On July 8, 2006, Kraft Foods International, Inc. (KFI) and Nabisco Euro Holdings Ltd. (NEH), wholly owned subsidiaries of Kraft Foods Inc. (Kraft), entered into an Agreement Relating to United Biscuits Southern Europe (the Agreement) with United Biscuits Group (Investments) Limited, Deluxestar Limited, UB Overseas Limited and UB Investments (Netherlands) B.V. (collectively, UB), pursuant to which NEH will (i) acquire the Spanish and Portuguese operations of UB and (ii) will regain the rights to all Nabisco trademarks in the European Union, Eastern Europe, the Middle East and Africa which are currently licensed to UB (collectively, the Business). This transaction (the Transaction) is valued at approximately $1.070 billion on a debt-free cash-free basis.
The Transaction will be accomplished by UB transferring to NEH, in exchange for the redemption of approximately $522 million of UB securities owned by NEH, a subsidiary that holds the necessary rights and assets to conduct the Business. At completion of the Transaction (Completion), the Business will have approximately $548 million of indebtedness that shall remain outstanding after completion.

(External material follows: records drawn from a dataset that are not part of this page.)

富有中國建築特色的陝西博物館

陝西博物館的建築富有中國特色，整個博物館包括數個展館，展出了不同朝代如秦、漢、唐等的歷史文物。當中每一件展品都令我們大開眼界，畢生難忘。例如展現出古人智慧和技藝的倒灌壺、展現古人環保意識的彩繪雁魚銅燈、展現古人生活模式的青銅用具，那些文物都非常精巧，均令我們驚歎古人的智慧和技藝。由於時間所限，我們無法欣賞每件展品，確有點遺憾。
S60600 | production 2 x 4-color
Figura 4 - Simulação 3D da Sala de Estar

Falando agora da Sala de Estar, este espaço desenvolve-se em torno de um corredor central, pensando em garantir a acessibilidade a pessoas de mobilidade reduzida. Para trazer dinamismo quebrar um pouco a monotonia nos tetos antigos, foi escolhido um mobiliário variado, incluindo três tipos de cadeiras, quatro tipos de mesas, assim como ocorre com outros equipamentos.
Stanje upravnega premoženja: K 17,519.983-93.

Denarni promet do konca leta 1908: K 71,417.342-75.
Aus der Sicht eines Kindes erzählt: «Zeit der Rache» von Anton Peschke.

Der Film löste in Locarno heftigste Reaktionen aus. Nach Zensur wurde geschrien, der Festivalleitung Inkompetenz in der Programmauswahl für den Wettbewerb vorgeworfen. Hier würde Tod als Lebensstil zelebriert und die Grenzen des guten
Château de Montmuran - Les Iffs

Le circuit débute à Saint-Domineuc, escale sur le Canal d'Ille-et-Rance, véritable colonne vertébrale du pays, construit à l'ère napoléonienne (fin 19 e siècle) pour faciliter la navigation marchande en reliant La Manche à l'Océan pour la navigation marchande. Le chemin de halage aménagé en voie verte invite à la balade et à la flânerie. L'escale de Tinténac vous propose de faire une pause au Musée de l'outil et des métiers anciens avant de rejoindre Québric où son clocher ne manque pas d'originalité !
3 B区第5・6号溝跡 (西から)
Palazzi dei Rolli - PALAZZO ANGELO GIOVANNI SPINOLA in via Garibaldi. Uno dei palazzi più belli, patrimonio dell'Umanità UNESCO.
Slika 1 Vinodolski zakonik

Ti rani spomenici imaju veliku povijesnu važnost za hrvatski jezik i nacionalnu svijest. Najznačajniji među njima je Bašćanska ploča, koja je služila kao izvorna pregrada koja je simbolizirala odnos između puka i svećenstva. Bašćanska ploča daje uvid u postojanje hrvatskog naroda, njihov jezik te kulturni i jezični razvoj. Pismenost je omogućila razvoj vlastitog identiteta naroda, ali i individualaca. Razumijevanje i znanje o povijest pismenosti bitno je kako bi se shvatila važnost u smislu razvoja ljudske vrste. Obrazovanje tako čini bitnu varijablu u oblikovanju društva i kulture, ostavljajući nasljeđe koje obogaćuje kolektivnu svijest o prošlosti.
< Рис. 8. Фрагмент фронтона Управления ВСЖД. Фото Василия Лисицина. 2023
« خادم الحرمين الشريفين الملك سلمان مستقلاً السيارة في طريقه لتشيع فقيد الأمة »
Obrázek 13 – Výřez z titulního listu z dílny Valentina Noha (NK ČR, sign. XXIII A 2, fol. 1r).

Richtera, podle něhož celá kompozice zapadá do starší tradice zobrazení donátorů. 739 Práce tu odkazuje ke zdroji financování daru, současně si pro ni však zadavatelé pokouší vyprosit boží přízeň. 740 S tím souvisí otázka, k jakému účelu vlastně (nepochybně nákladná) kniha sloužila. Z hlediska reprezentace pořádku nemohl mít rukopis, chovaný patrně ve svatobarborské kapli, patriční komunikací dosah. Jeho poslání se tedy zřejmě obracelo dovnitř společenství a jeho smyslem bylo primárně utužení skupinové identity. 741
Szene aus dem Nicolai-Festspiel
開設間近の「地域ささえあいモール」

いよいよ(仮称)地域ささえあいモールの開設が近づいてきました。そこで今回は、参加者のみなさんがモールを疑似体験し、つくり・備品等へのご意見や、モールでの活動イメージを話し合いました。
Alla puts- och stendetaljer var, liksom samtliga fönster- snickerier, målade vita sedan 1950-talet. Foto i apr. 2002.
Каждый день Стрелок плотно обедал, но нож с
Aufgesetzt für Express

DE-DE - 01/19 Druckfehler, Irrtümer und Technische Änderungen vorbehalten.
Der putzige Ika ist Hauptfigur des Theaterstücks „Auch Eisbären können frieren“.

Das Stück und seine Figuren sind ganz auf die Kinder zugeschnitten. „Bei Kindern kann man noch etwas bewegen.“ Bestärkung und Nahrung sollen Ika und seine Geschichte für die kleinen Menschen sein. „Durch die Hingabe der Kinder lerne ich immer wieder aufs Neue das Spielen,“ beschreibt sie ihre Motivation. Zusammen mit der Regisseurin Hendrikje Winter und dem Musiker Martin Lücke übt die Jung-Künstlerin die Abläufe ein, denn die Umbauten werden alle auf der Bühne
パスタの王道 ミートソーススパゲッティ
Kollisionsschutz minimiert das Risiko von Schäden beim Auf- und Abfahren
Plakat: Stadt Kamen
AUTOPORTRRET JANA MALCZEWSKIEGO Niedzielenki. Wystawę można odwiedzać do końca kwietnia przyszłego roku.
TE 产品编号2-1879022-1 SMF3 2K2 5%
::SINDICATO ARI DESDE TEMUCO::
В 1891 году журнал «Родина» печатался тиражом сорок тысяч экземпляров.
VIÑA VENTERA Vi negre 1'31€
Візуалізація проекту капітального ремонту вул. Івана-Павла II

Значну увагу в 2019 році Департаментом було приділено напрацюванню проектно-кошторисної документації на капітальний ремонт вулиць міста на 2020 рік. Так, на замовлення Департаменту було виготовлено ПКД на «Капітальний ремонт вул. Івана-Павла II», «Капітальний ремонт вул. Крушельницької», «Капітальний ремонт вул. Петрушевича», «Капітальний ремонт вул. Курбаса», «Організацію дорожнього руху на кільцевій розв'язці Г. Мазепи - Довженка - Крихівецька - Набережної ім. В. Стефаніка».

With effect from Completion, KFI has waived all of its rights under a shareholders agreement in relation to UB. KFI has guaranteed all of the obligations of NEH under the Agreement.
The closing of the Transaction is subject to various conditions and is currently expected to occur in the third quarter of 2006.
The foregoing description of the Agreement is qualified in its entirety by reference to the complete terms and conditions of the Agreement, which is attached as Exhibit 10.1 to this Current Report on Form 8-K.
On July 10, 2006, Kraft issued a press release announcing the Transaction, a copy of which is attached as Exhibit 99.1 to this Current Report on Form 8-K.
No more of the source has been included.